* **Directions**
Restate verbatim the span of lines below between the line with "If your partner" and the line with "Byt sestává ze", including those two lines, and only that span.
Data provided below:
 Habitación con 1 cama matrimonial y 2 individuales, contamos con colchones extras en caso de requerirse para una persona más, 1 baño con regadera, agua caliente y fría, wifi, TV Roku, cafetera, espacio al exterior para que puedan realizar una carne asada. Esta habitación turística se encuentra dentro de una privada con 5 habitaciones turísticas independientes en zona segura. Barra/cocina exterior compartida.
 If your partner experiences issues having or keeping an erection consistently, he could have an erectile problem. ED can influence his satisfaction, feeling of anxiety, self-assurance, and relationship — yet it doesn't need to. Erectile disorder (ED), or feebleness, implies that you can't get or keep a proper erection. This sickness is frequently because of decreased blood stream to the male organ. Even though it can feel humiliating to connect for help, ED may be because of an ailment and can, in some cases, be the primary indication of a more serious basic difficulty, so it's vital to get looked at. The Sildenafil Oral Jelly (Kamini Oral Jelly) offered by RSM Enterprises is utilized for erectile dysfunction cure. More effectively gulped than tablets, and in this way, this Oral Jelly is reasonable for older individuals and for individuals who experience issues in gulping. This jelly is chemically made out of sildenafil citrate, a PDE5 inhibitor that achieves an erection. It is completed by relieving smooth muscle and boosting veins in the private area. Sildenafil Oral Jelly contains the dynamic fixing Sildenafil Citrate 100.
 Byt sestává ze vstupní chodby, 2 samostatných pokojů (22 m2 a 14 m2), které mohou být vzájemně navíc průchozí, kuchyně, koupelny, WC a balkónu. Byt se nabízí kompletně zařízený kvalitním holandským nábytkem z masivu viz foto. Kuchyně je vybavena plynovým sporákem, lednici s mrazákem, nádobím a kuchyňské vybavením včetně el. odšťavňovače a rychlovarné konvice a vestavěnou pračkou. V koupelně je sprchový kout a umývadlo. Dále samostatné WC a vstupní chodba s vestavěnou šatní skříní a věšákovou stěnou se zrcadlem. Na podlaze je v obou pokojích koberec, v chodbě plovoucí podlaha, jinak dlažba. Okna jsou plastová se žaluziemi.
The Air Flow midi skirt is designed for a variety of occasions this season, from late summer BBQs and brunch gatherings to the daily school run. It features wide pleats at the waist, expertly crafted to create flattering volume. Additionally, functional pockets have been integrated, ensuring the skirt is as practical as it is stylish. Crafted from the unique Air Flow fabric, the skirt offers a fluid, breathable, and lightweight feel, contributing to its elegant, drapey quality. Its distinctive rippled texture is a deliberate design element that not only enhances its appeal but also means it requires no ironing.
End of Data provided.
* **Written solution**
 If your partner experiences issues having or keeping an erection consistently, he could have an erectile problem. ED can influence his satisfaction, feeling of anxiety, self-assurance, and relationship — yet it doesn't need to. Erectile disorder (ED), or feebleness, implies that you can't get or keep a proper erection. This sickness is frequently because of decreased blood stream to the male organ. Even though it can feel humiliating to connect for help, ED may be because of an ailment and can, in some cases, be the primary indication of a more serious basic difficulty, so it's vital to get looked at. The Sildenafil Oral Jelly (Kamini Oral Jelly) offered by RSM Enterprises is utilized for erectile dysfunction cure. More effectively gulped than tablets, and in this way, this Oral Jelly is reasonable for older individuals and for individuals who experience issues in gulping. This jelly is chemically made out of sildenafil citrate, a PDE5 inhibitor that achieves an erection. It is completed by relieving smooth muscle and boosting veins in the private area. Sildenafil Oral Jelly contains the dynamic fixing Sildenafil Citrate 100.
 Byt sestává ze vstupní chodby, 2 samostatných pokojů (22 m2 a 14 m2), které mohou být vzájemně navíc průchozí, kuchyně, koupelny, WC a balkónu. Byt se nabízí kompletně zařízený kvalitním holandským nábytkem z masivu viz foto. Kuchyně je vybavena plynovým sporákem, lednici s mrazákem, nádobím a kuchyňské vybavením včetně el. odšťavňovače a rychlovarné konvice a vestavěnou pračkou. V koupelně je sprchový kout a umývadlo. Dále samostatné WC a vstupní chodba s vestavěnou šatní skříní a věšákovou stěnou se zrcadlem. Na podlaze je v obou pokojích koberec, v chodbě plovoucí podlaha, jinak dlažba. Okna jsou plastová se žaluziemi.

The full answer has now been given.